Clean it up, make sure all chalky residue is removed, apply acrylic DTM and your good to go. I've never thought alkyds on aluminum was a great idea. I'm not aware of any coatings systems that recommend it, at least in the residential realm.


----------



## eastvantrading (Dec 18, 2006)

OP here. Yes, this was what I was wondering! Factory painted aluminum balcony railings. Are they powder-coated and if so, how do I remove it. I just assumed it was paint after all since that was the direction everyone was going.


----------



## eastvantrading (Dec 18, 2006)

nap said:


> is that actually paint? A lot of aluminum, for various uses, is powder coated. The means to remove powder coating is going to be a lot different than that of paint.


Oops, meant to quote/reply to Nap:

OP here. Yes, this was what I was wondering! Factory painted aluminum balcony railings. Are they powder-coated and if so, how do I remove it. I just assumed it was paint after all since that was the direction everyone was going.


----------



## nap (Dec 4, 2007)

I can't tell you if they are powder coated and it can be difficult to determine, at least for me, even if I see the item myself. A few places suggested using a rag wetted with a solvent other than either methylene chloride, acetone, or benzyl alcohol (three solvents that generally will soften powder coat). If paint, it will transfer to the cloth and if powder coat, it won't. I did read one situation where a person tested an area known to be powder coated and it removed some of the material anyway with a solvent that should not have affected powder coat; not sure why though. Maybe it was some old and degraded coating that would have wiped some of the oxidized coating off regardless what solvent was used. 

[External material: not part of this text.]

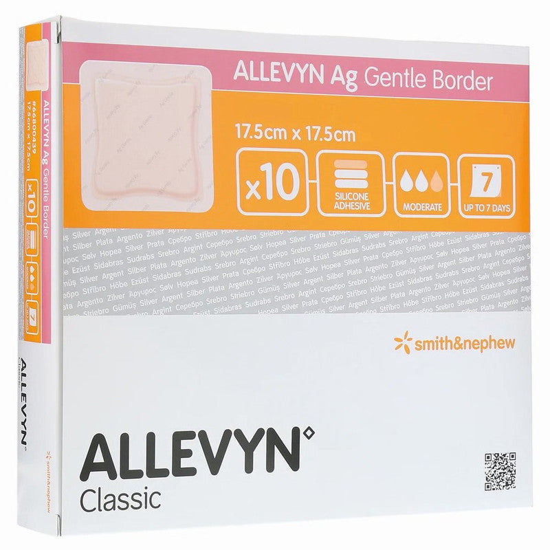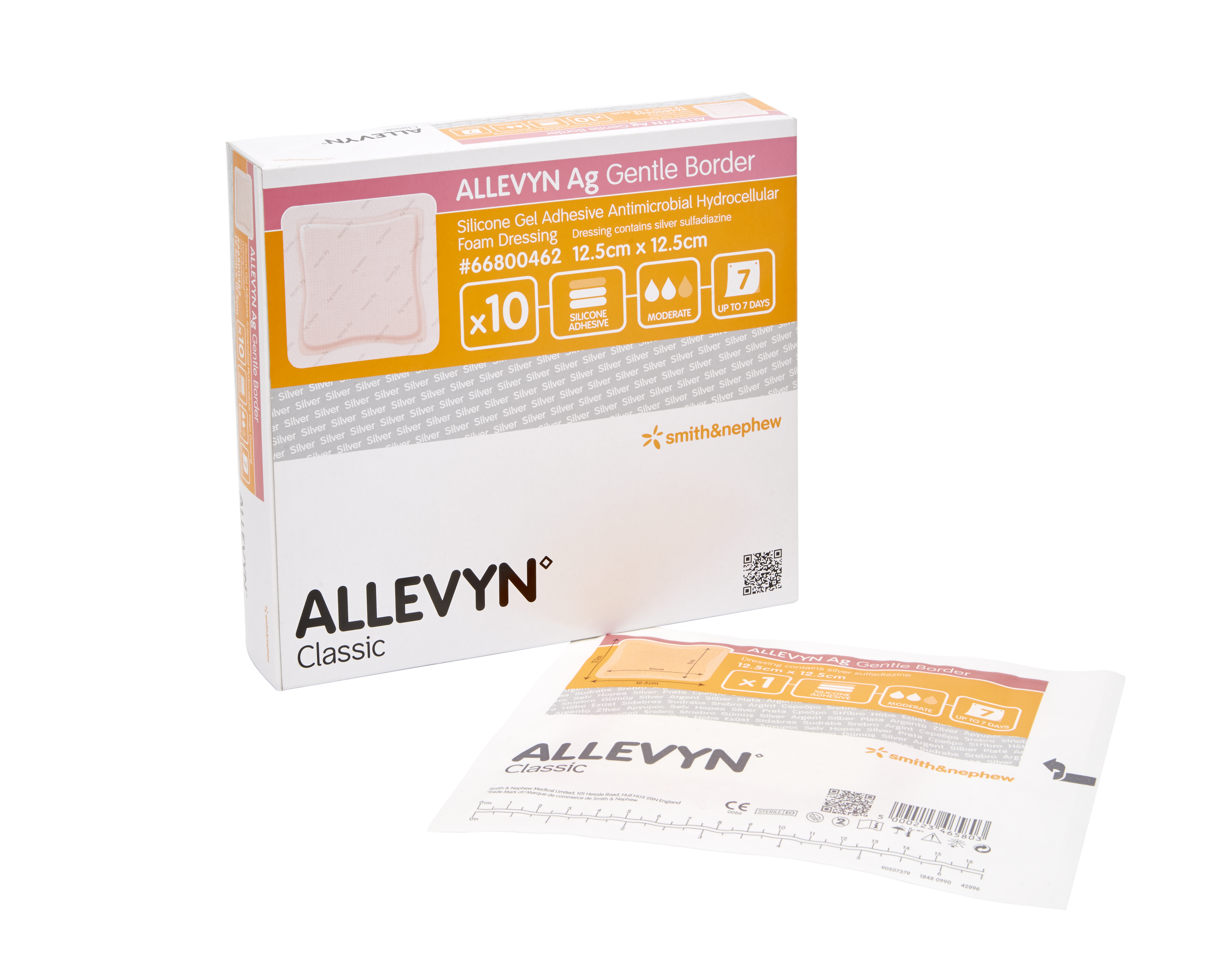 Smith & Nephew Allevyn Ag Gentle Border Dressing is designed for optimally managing exudate, including a unique two-in-one solution for exuding chronic wounds and providing a rapid and sustained antibacterial action. This foam dressing lowers the pain and trauma during dressing changes. Allevyn Ag Gentle Border is ideal for use on exuding partial and full wounds such as diabetic ulcers, decubitus ulcers , donor sites , and first and second degree burns, debrided and partially thick wounds, necrotic or sloughy wounds when used in conjunction with a hydrogel dressing and fragile skin.

There are other tell tale signs but it's been awhile since I have dealt with much powder coat to be able to define them adequately to be useful. Hopefully some of the other guys will have some advice as well. 

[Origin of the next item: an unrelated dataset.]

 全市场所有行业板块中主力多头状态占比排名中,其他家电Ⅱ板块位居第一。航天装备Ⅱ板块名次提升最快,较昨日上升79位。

removing it requires either a solvent that will soften the coating, lot's of heat, or abrasive removal which, if the coating is thick and in generally good condition, can be very labor intensive. In other words, the process would be similar to paint but one needs to use solvents that will actually work with the coating and some serious labor or if using only abrasives, the person should be prepared to spend a lot of time to remove it.


----------



## eastvantrading (Dec 18, 2006)

So I just tested it with a few products I had at home: non-acetone nail polish remover, and "Goo-Gone" (citrus-y stuff). It flakes off with very little effort using a metal scraper with the latter product. Im pretty sure it's not powder-coated. The layer of paint looks ridiculously thin. 

Thanks everyone, I'll just get the most environmentally friendly stuff I can find.

Cheers,
Evan


----------